Three training shapes ship today, all on the same Metal kernels:

// Supervised fine-tuning
sft := mlx.NewSFT(model, mlx.SFTConfig{
Dataset: "train.jsonl",
LR: 2e-5,
BatchSize: 4,
Epochs: 3,
})
result, _ := sft.Run(ctx)
// LoRA fine-tuning (low-rank adapter, no full-weight write)
lora := mlx.NewLoRA(model, &mlx.LoRAConfig{
Rank: 16,
Alpha: 32,
Targets: []string{"q_proj", "k_proj", "v_proj", "o_proj"},
})
lora.Train(ctx, dataset)
// GRPO — preference / reward training
grpo := mlx.NewGRPO(model, mlx.GRPOConfig{ /* ... */ })
grpoResult, _ := grpo.Run(ctx)
mlx.NewGRPOCheckpointMetadata(path, cfg, grpoResult, update)
// Distillation
distill := mlx.NewDistill(model, teacher, mlx.DistillConfig{ /* ... */ })
distillResult, _ := distill.Run(ctx)

Every training run writes checkpoint metadata + the canonical adapter files; LoadGRPOCheckpointMetadata / LoadDistillCheckpointMetadata / LoadSFTCheckpointMetadata re-hydrate them so subsequent loads pick up exactly where the run left off.

mlx/compute exposes Metal kernels for image and emulator workloads that aren’t language-model-shaped.

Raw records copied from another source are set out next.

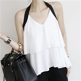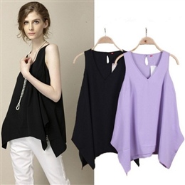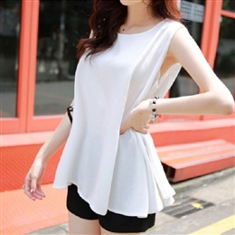 不規則簡約無袖上衣性感露肩雪紡衫 [背心.馬甲]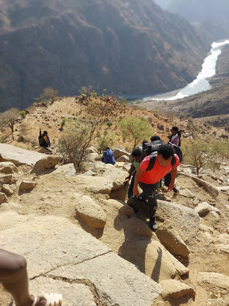 The area was only accessible by driving by car till the road ends, walking through rocky terrain to reach the river, crossing the river with water coming to your neck on the first trip and the second trip to your eyebrows, after that a trek through steep mountains, passing cliffs where you don't want to look down and finally reaching the area where people live at the verge of death. Our team risked their lives two times, the area is also surrounded by enemy forces, we took a huge amount of cash, notebooks, pens, baby formula, seeds...all across the river, carried on heads and on a small raft which we made for the second trip.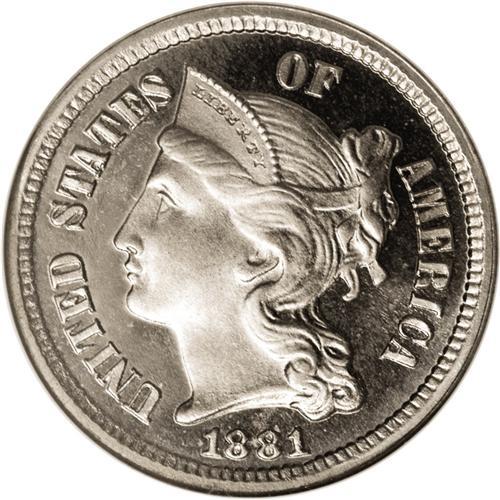<B>1881 3CN PR68 Cameo NGC.</B></I> The 1881 business strike three cent nickel issue was the last great gasp in this archetypal 19th century series, produced to the extent of more than 1 million pieces. Subsequent business strike mintages toward the series' end in 1889 never again topped 40,000 pieces. Annual business strike mintages were as low as 1,000 coins, sometimes even less than the proof mintages. In 1881 the proof mintage was a more consistent 3,575 pieces. The present untoned silver-white specimen is among the handful or so finest at either service, with exuberantly frosted devices and sparkling mirrored fields. The lower loops of the 8s are frosted, and recutting shows at the base of the first 1. Census: 7 in 68 Cameo, 0 finer (10/06).<BR><BR><b>Shipping:</b> Coin/Currency (<a target="_blank" href="http://www.heritageauctions.com/common/shipping.php">view shipping information</a>)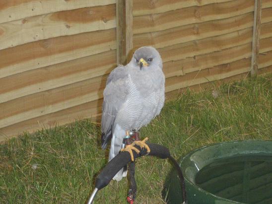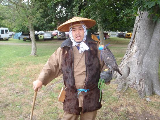 クマタカじゃあねぇし・・・ 7/11 東北のマタギのクマタカを使った鷹狩りの衣装をまとう猛禽屋の藤田氏。松○氏から借りたものだ。クマタカを貸してくれる訳も無く、ハヤブサで・・・しかし、良く似合う。※午後はイヌワシ、最終日はワシノスリを借りる事が出来ました。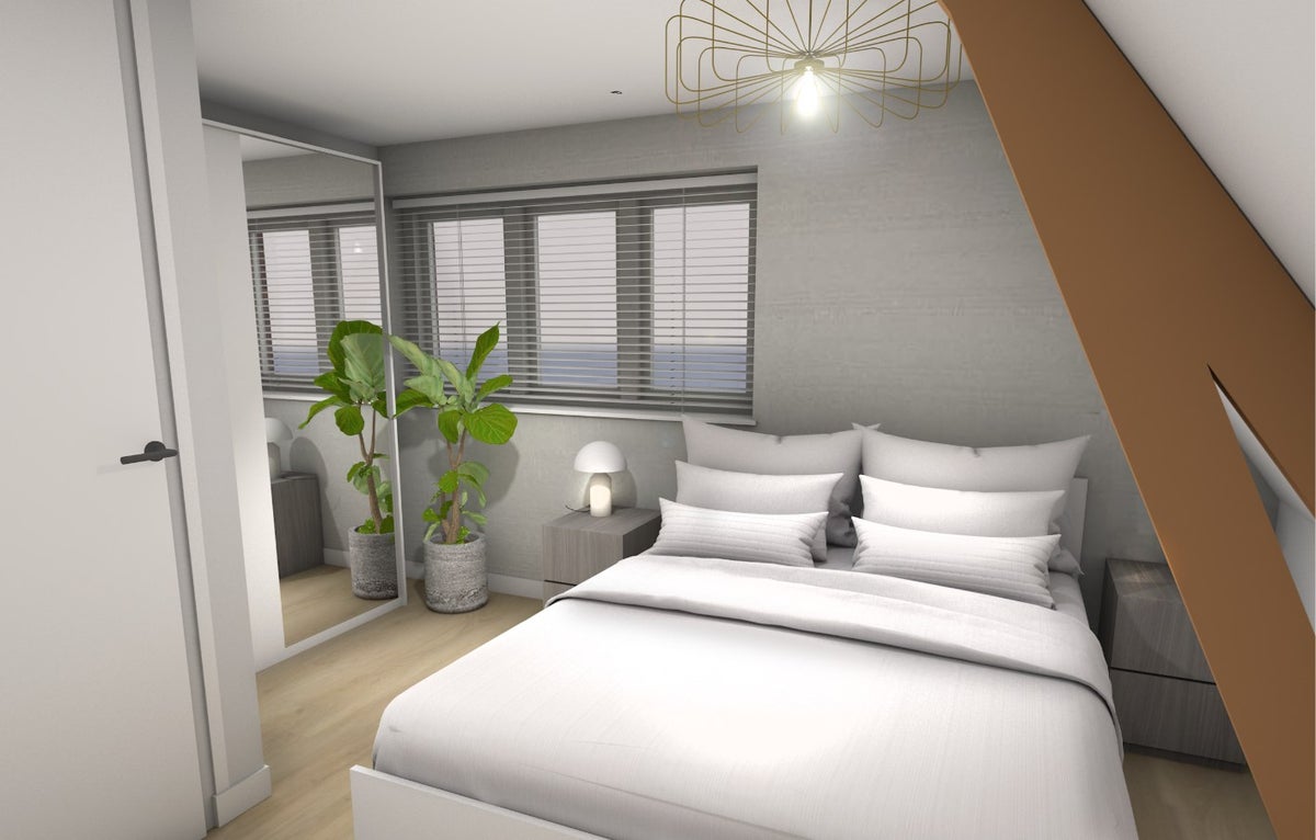 De slaapkamer bevindt zich aan de achterzijde van de woning.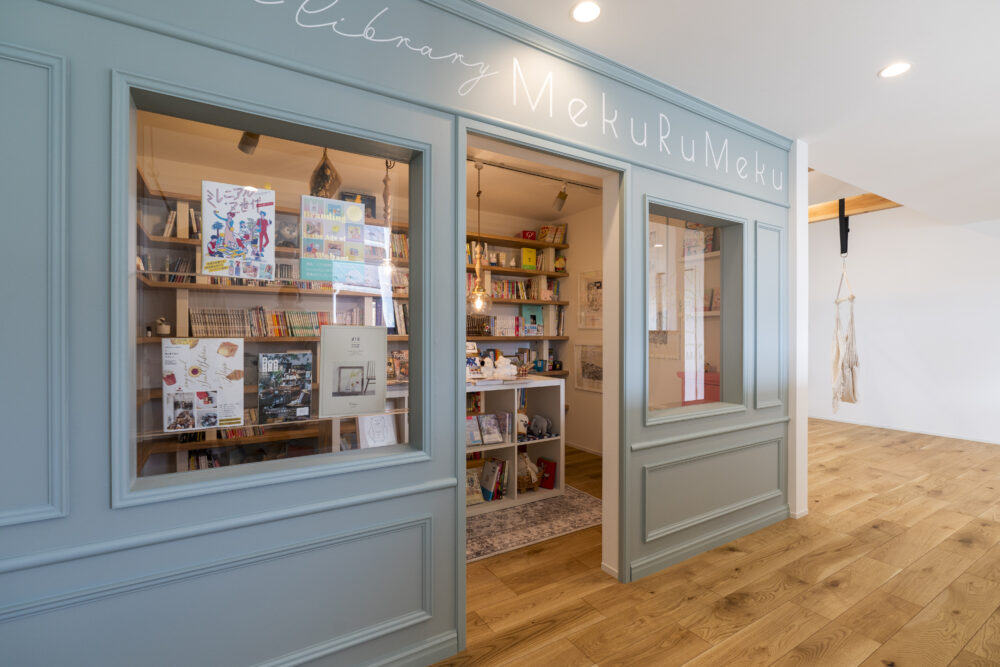 海外の本屋をイメージしたという本の部屋「MekuRuMeku」。水色のポップなショーウインドーは見ているだけでワクワク! 窓は本がディスプレイできるよう一工夫してある。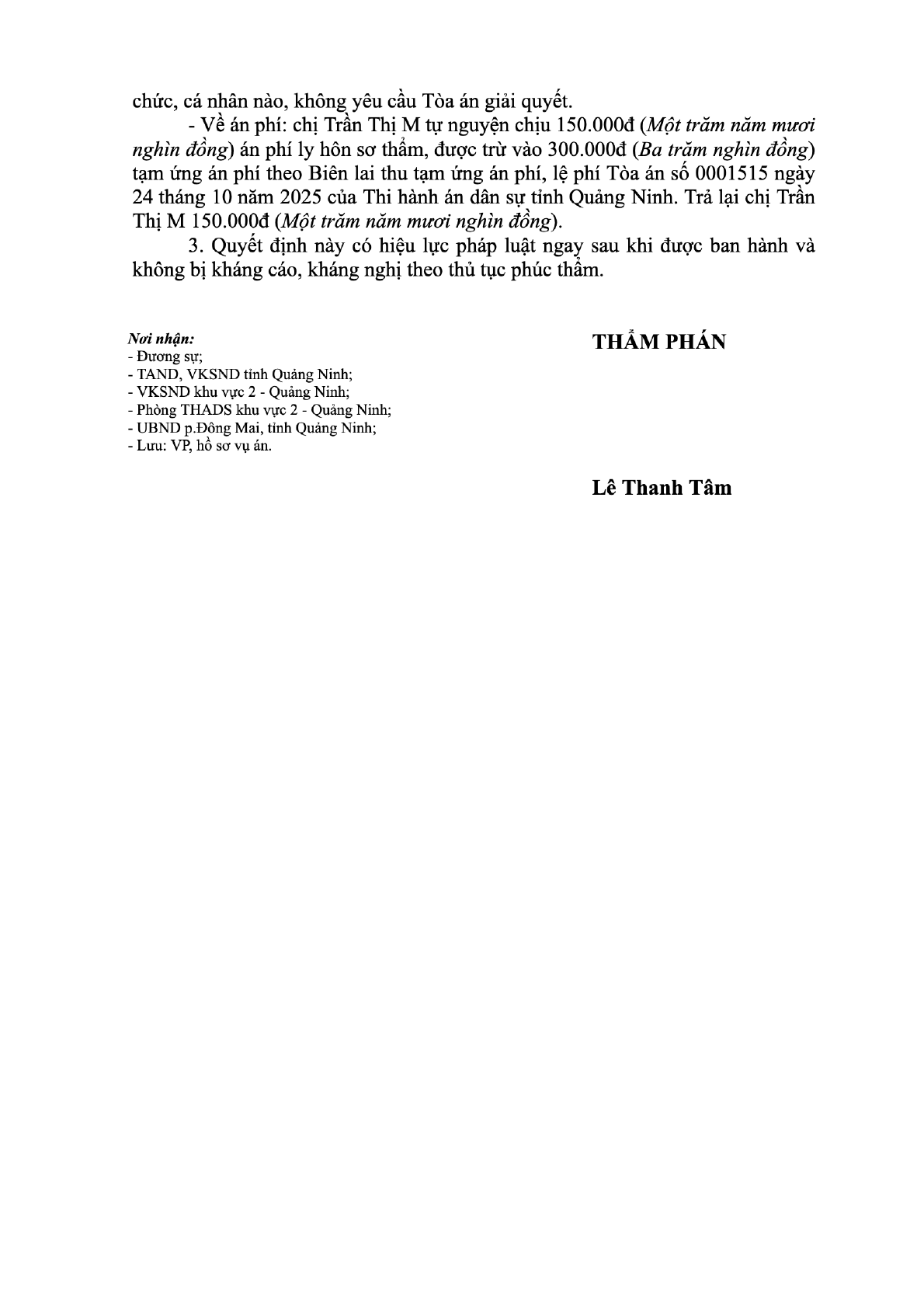 | Thông tin về vụ/việc: | chị Trần Thị M xin ly hôn anh Vũ Dung H |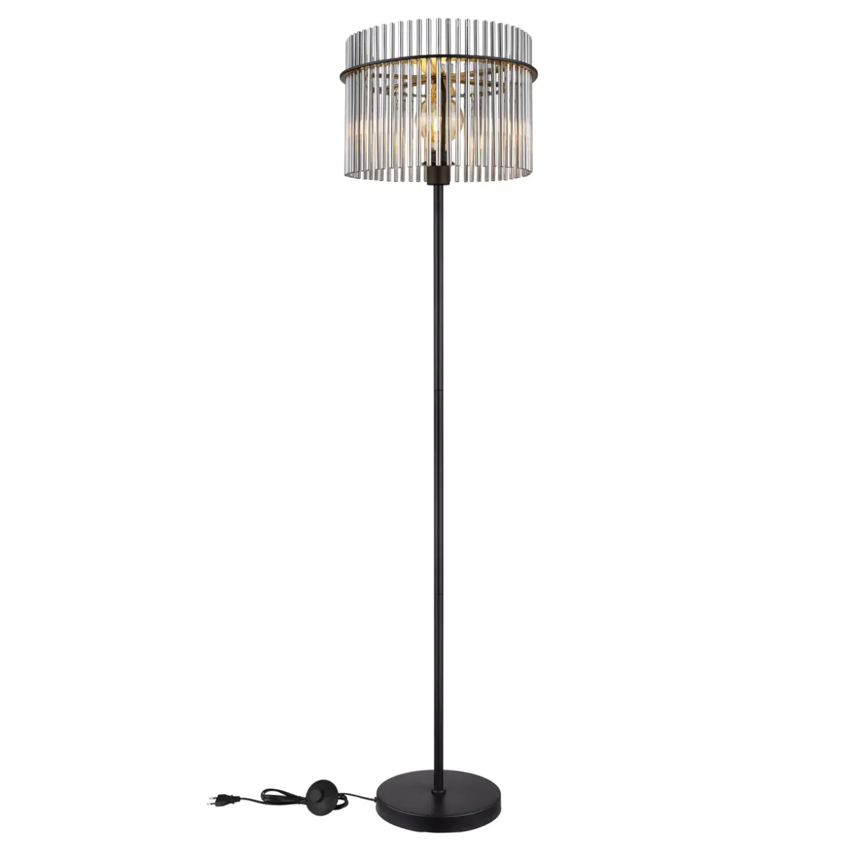 Die Stehleuchte „Gorley“ besticht durch ihr modernes und zugleich elegantes Design, das sich nahtlos in verschiedene Einrichtungsstile einfügt. Hergestellt aus hochwertigem Metall in einem stilvollen mattschwarzen Finish, verleiht sie Ihrem Raum eine edle und zeitgemäße Note. Mit einer beeindruckenden Größe von 38 x 152 Zentimetern eignet sich diese Leuchte perfekt als dekoratives und funktionales Beleuchtungselement in Ihrem Wohnzimmer, Schlafzimmer oder Büro. Ein besonderes Highlight der Stehleuchte „Gorley“ ist ihr einzigartiger Lampenschirm, der aus grauen Rauchglasstäben besteht. Dieses raffinierte Design erzeugt ein faszinierendes Licht- und Schattenspiel, das eine angenehme und gemütliche Atmosphäre schafft. Die grauen Rauchglasstäbe brechen das Licht auf elegante Weise und sorgen für eine gleichmäßige und sanfte Beleuchtung. Die Leuchte ist für Leuchtmittel des Typs E27 geeignet und kann mit einer maximalen Leistung von bis zu 60 Watt betrieben werden.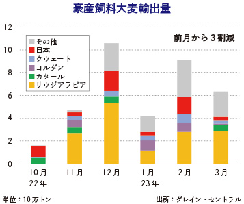 豪3月飼料大麦輸出3割減、ソルガム5倍に 2023年5月25日 最終更新日時 : 2023年5月25日 ウェルス編集部 オーストラリアの2023年3月の飼料大麦の輸出量が63万6,233トンで、前月の91万1,105トンから30%減少したことが豪政府統計局(ABS)の調べで分かった。大麦麦芽(モルト)は14万1,590トンが輸出され、2月の4万1,278トンから3倍以上に増加した。また、今シーズンの新作物の出荷が始まったソルガムは25万5,066トンが輸出され、前月の5万3,117トンから5倍近く増えた。グレイン・セントラルが伝えた。 コンテンツの残りを閲覧するにはログインが必要です。 お願い Log In. あなたは会員ですか ? 会員についてFacebookXBluesky

Useful when you’ve already got the Metal context open for inference and want to amortise its cost across the rest of the pipeline:

sess, _ := mlx.NewSession()
defer sess.Close()
frame := sess.BeginFrame()
frame.Apply(mlx.KernelRGB565ToRGBA8{})
frame.Apply(mlx.KernelNearestScale{Factor: 2})
frame.Apply(mlx.KernelCRTFilter{Curve: 0.15})
out := sess.FinishFrame(frame)

mlx/mlxlm shells out to a Python mlx-lm subprocess instead of linking mlx-c. Slower, but compiles without the CGO toolchain — useful for dev environments where setting up Xcode is friction:

import "dappco.re/go/mlx/mlxlm"
backend := mlxlm.New("/path/to/python", "/path/to/model")
  • go/inference — the Backend contract go-mlx implements
  • go/ml — scoring + agent orchestrator that drives mlx for eval
  • go/ai — facade that talks to mlx through the inference contract
  • go/store — DuckDB workspace for training metrics + checkpoint scores

github.com/dappcore/go-mlx — full source, the mlx-c CGO bindings, every training surface, and the compute API.